Officials note that the housing boom is not necessarily inconsistent with population loss, because many new households are made up of singles or childless couples, and those leaving the city are more likely to be families with children -- including poorer families with several children who are priced out as neighborhoods gentrify.

"It's also important to know the kind of tax base that you're generating. That might be more important than whether your population is growing," said William H. Frey, a University of Michigan demographer and visiting fellow at the Brookings Institution.

There was another story in Virginia, the Census Bureau said, identifying it as the nation's 11th-fastest-growing state from July 2003 to July 2004. The report said Virginia boosted its estimated population by 94,543, to 7,459,827 -- a growth rate of 1.3 percent.

Maryland also grew, but at a slower rate than in recent years, adding an estimated 45,748 people, compared with about 70,000 people the year before.

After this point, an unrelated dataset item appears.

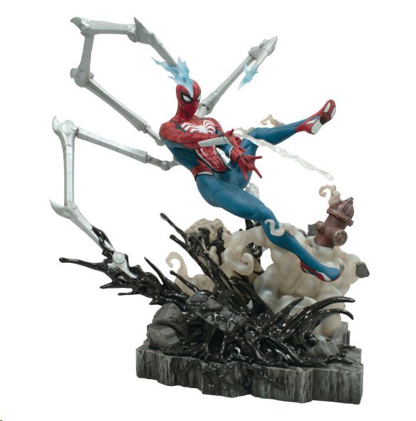 La figura muestra a Spider-Man en una pose de acción espectacular, con sus característicos lanzadores de telaraña desplegados, enfrentándose a una amenaza no vista. El detallismo en el diseño de los tentáculos de Doctor Octopus que emergen desde la base añade un nivel de dramatismo y movimiento que captura la esencia del conflicto en el juego. La base del diorama incorpora elementos urbanos destrozados, lo que añade un contexto visual que enriquece la narrativa de la figura.

Nevada remained the fastest-growing state in the nation for the 18th year in a row. The bureau's ranking of the 10 fastest-growing states includes four other western states -- Arizona, Idaho, Utah and New Mexico -- and five southern or coastal states: Florida, Georgia, Texas, Delaware and North Carolina.

North Carolina and New Mexico replaced California and Hawaii on the list of the fastest-growing states.

The U.S. population grew an estimated 1 percent, to 293.7 million, according to estimates. More than a third of the nation's residents live in the South, 23 percent are in the West, 22 percent in the Midwest and 19 percent in the Northeast.